Les amendements défendus par nos collègues Guillaume Gontard et Éric Bocquet tendent à supprimer l'article 1er bis A par lequel la commission, qui l'a ajouté dans le texte, a souhaité circonscrire les actions de groupe en matière de santé et de droit du travail à leur champ actuel, à savoir, respectivement, les produits de santé et les discriminations au travail. Cette limitation nous apparaît en effet nécessaire.
Premièrement, en matière de santé, nous avons été alertés quant au très grand risque que pourraient encourir des professionnels de santé disposant de faibles moyens de défense face à des actions de groupe destinées à salir leur réputation.
Entendons-nous bien, mes chers collègues : nous ne remettons pas en cause le champ actuel des actions de groupe en matière de santé. Des affaires telles que celles du Mediator ou des prothèses mammaires PIP, mentionnées par Mme Vogel dans l'exposé des motifs de l'amendement n° 26, pourraient toujours faire l'objet d'actions de groupe. En revanche, nous estimons que le risque réputationnel que pourraient en particulier encourir des professionnels de santé justifie d'exclure ceux-ci du champ de l'action de groupe et d'en rester au champ actuel.

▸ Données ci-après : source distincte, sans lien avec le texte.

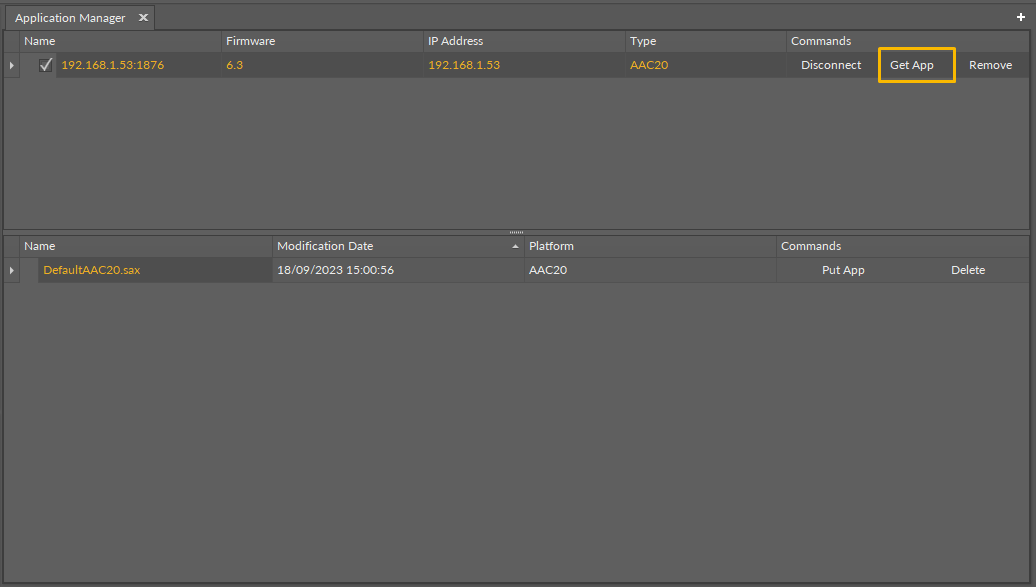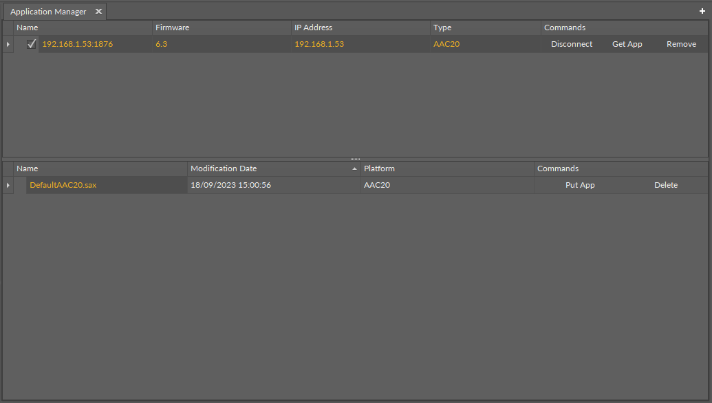 The Application Manager is a tool that allows to manage applications of a specific device and the applications saved locally in the iC Tool.

Je souhaite par ailleurs répondre à l'argument parfois avancé consistant à affirmer que, le « fond du droit » de la responsabilité n'étant pas modifié par la proposition de loi, ces changements procéduraux seraient sans effet sur l'engagement de la responsabilité des professionnels de santé. C'est exact, mais c'est oublier que le véritable coût d'une action de groupe est réputationnel : quel patient irait consulter un médecin dont le nom figure injustement au registre des actions de groupe, dont je rappelle qu'il est créé par la présente proposition de loi ? Dans le cas où la responsabilité du professionnel en question ne serait pas reconnue, comment compenser le préjudice ainsi subi ? L'action de groupe « à la française » ne nous paraît pas devoir s'orienter vers ce type de dérives.
Deuxièmement, en matière de droit du travail, il nous a semblé qu'une ouverture indiscriminée du champ d'application de l'action de groupe risquerait en particulier de dessaisir les conseils de prud'hommes de pans non négligeables du contentieux, ce qui serait un effet de bord particulièrement fâcheux de cette réforme, les prud'hommes rendant la justice au plus près des intérêts des salariés et des employeurs.
Il nous a également semblé, comme le rappelle Mme Vogel, que cela risquerait de priver les syndicats du rôle majeur qui leur échoit dans la conduite du dialogue social comme dans l'action contentieuse. L'écosystème des relations de travail, qui repose en particulier sur le rôle des syndicats et sur celui des conseils de prud'hommes, ne me paraît pas devoir être incidemment perturbé par cette réforme.
En conséquence, je demande le retrait de ces amendements identiques ; à défaut, l'avis de la commission serait défavorable.